2019 Volume 47 Issue 3 Pages 95-103
Purpose: We evaluated the surgical outcomes of non-renorrhaphy, mini-incision partial nephrectomy using a soft-coagulation system.
Methods: Non-renorrhaphy mini-incision, partial nephrectomy was performed in 33 consecutive patients with small renal tumors between April 2016 and March 2019. After tumor resection, the soft-coagulation system was used to achieve hemostasis. A TachoSilⓇ or BOLHEALⓇ was used on the resection bed. The urinary collecting system was only sutured if it was opened. The surgical outcomes of each patient were retrospectively evaluated.

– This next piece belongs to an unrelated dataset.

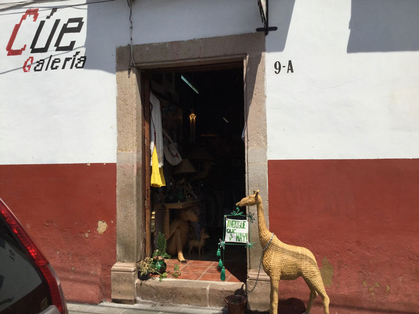 大広場を歩いているとプリシリアーノの車が通りかかり手を振った。アリシアの友人リナの店「クエCúe」の写真を撮った。リナはいなかったが、店番の若い女性がいた。入り口にリナの元夫マリオの作品が飾ってあった。乾燥した葦を組み合わせたキリンの造形が見事だ。店内にもマリオの大小の作品があった。エリカの作ったバッグも見えた。
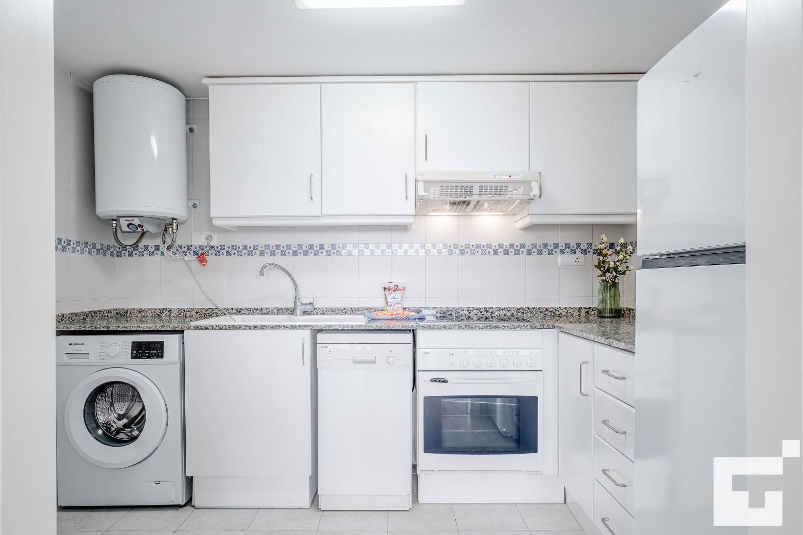 🍳 Küche, ausgestattet mit Cerankochfeld, Backofen, Mikrowelle, Waschmaschine und Geschirrspüler.

Results: The patients’ mean age was 66.8 (36–83) years. The mean tumor size, operative time, and amount of intraoperative blood loss were 25.7 mm, 230 (140–357) min, and 292.2 (0–1332) mL, respectively. In 8 patients, the renal artery was clamped during the operation (mean warm ischemia time: 7.4 [2–18] min). The urinary collecting system was sutured in 18 patients. Two complications of Clavien-Dindo grade III or worse occurred: postoperative bleeding, which required a blood transfusion, and complete atrioventricular block (A-V block), which required temporary cardiac pacing. The A-V block spontaneously resolved a few days after the operation, and cardiac pacing was not required thereafter. The surgical margins were negative in all cases, and no tumor recurrence was observed during the observational period (681.8 [16–1126] days). The mean (range) rate of change in the estimated glomerular filtration rate at one year after surgery was −9.0% (−21.8–14.3%).
Conclusion: Non-renorrhaphy partial nephrectomy using a soft-coagulation system is safe and produces acceptable oncological outcomes.